Extracted entries |
☆ ☆ ☆

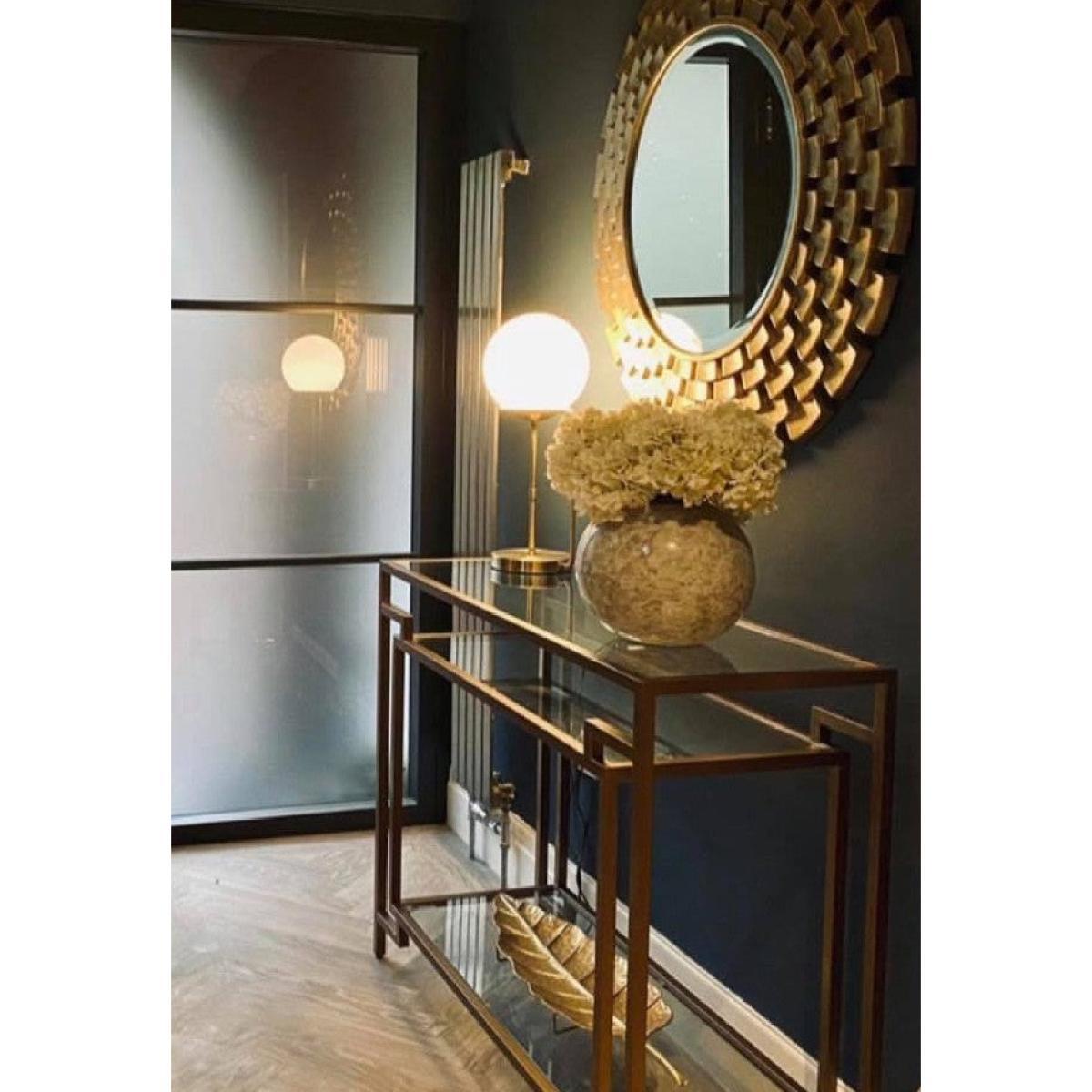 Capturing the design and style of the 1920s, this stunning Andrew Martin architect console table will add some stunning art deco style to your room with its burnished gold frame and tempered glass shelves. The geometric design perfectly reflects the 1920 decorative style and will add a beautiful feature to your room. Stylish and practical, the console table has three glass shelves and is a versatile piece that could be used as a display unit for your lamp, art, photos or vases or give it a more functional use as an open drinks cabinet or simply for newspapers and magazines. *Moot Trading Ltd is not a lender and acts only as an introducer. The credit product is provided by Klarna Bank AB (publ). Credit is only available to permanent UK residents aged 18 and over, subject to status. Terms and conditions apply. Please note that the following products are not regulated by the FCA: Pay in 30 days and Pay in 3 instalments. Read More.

☆ ☆ ☆

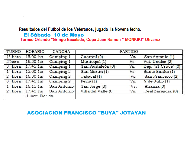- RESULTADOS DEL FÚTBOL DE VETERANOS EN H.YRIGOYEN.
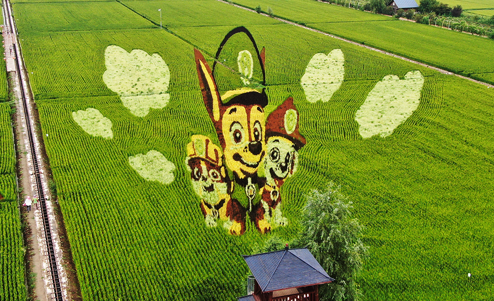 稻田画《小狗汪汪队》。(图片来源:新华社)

☆ ☆ ☆

Task to complete | Each line above that falls between the line with "- RESULTADOS DEL" and the line with "稻田画《小狗汪汪队》。(图片来源:新华社)" should be printed exactly, together with those two lines, but the pictures should not.

Response |
- RESULTADOS DEL FÚTBOL DE VETERANOS EN H.YRIGOYEN.
 稻田画《小狗汪汪队》。(图片来源:新华社)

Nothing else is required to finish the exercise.